Access to global capital and cost of funds
Although India's bonds joining global indices may attract investors seeking portfolio diversification, they might not make global capital more accessible for corporate borrowers or lower borrowing costs. A ratings upgrade for India would be needed to benefit the companies because they would be seen as more credit-worthy. However, with Indian bonds joining Bloomberg EM index, the additional funds could result in a cap on government's treasury yields. That means yields won't increase if government borrowing or local credit demand rises.
Managing rupee appreciation
With anticipated foreign inflows of $30-45 billion over FY25, there could be concerns about rupee appreciation making imports costly and causing inflation.

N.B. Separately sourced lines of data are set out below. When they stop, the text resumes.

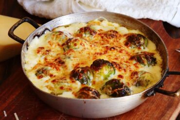 Luego agregar la cebolla hasta que se vea transparente. - Hacer espacio en el centro de la sartén, colocar los repollitos con el corte hacia abajo y cocinar durante 5 minutos.
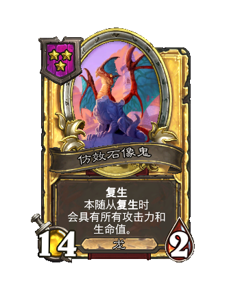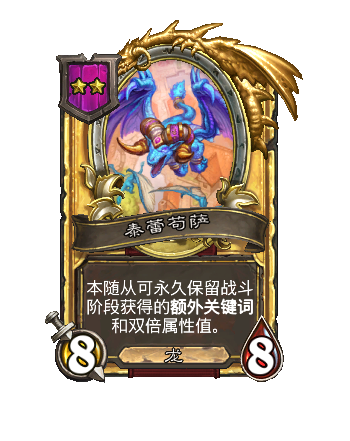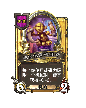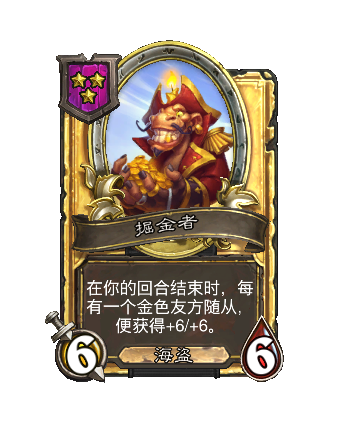 改动前:3/2。在你的回合结束时,你每有一个金色友方随从,便获得+3/+2。
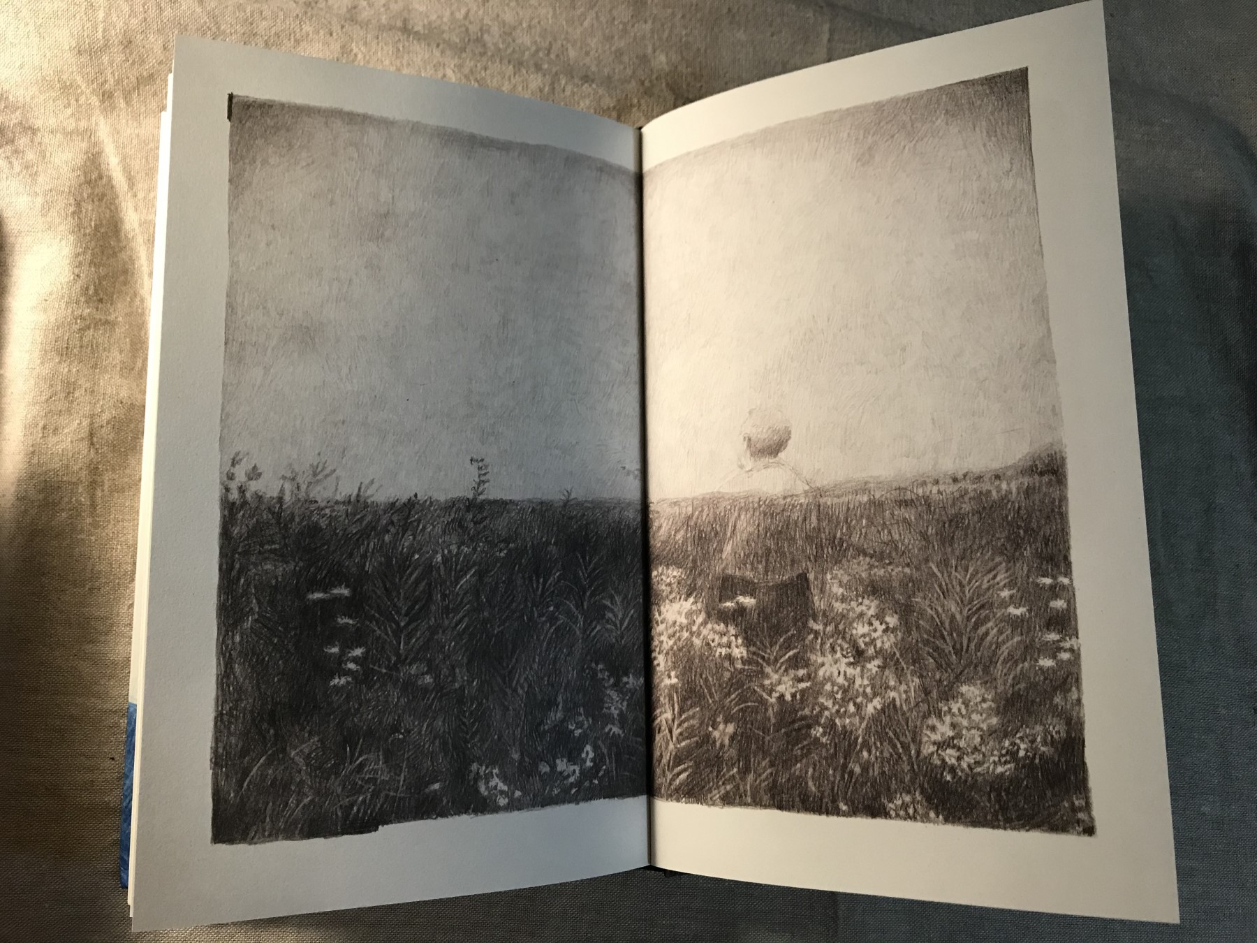 反之亦然,當文字描述亨利坐在房子前的長凳,閉上了眼睛。下一頁,我們看見一位男人的身影融於一片景色中……。
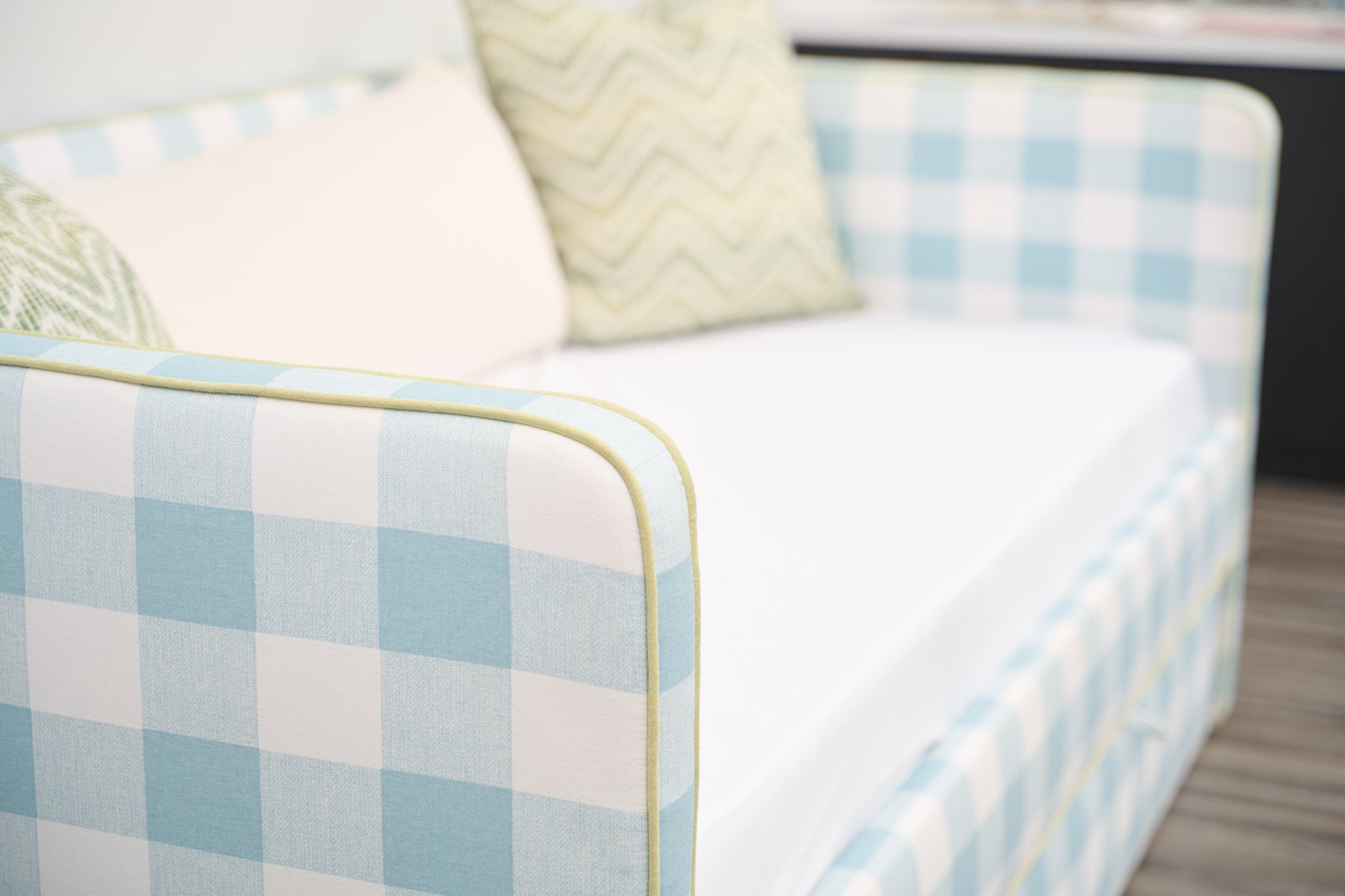 Buffalo Checkered fabric by Headboards World features a durable 100% cotton composition with a fabric weight of 6.9 oz/yd², ensuring long-lasting comfort indoors. Designed with a sturdy 7oz cotton basecloth and a high double rub count of 30,000, this fabric withstands frequent use while maintaining its quality. Its 54-inch width and distinctive checkered pattern, with horizontal and vertical repeats of 5.375 and 6.375 inches respectively, make it versatile for various upholstery applications. The SW cleaning code facilitates easy maintenance, ideal for indoor environments.

However, forex experts are of the opinion that this issue is manageable. The RBI has been regulating rupees in the range by purchasing or selling dollars in the open market, and any outflows by foreign investors due to the rise may be counterbalanced by the new fund inflows.
India's position in the Bloomberg EM local currency index
Once fully incorporated into Bloomberg EM index, India's FAR bonds will be capped at 10% weight within the index. The Indian Rupee is expected to become the third largest currency globally, after the Chinese Yuan and South Korean Won, within the Bloomberg Emerging Market Local Currency Index. As of January 31, 2024, there were 34 Indian FAR bonds with a market value of $448 billion eligible for inclusion in EM Local Currency Index and related indices.
What are government bonds?
Sovereign bonds are an instrument of debt security issued by the central bank to fund government expenditure. They are one of the safest assets to invest in as they are backed by the government and pay periodic interest payments.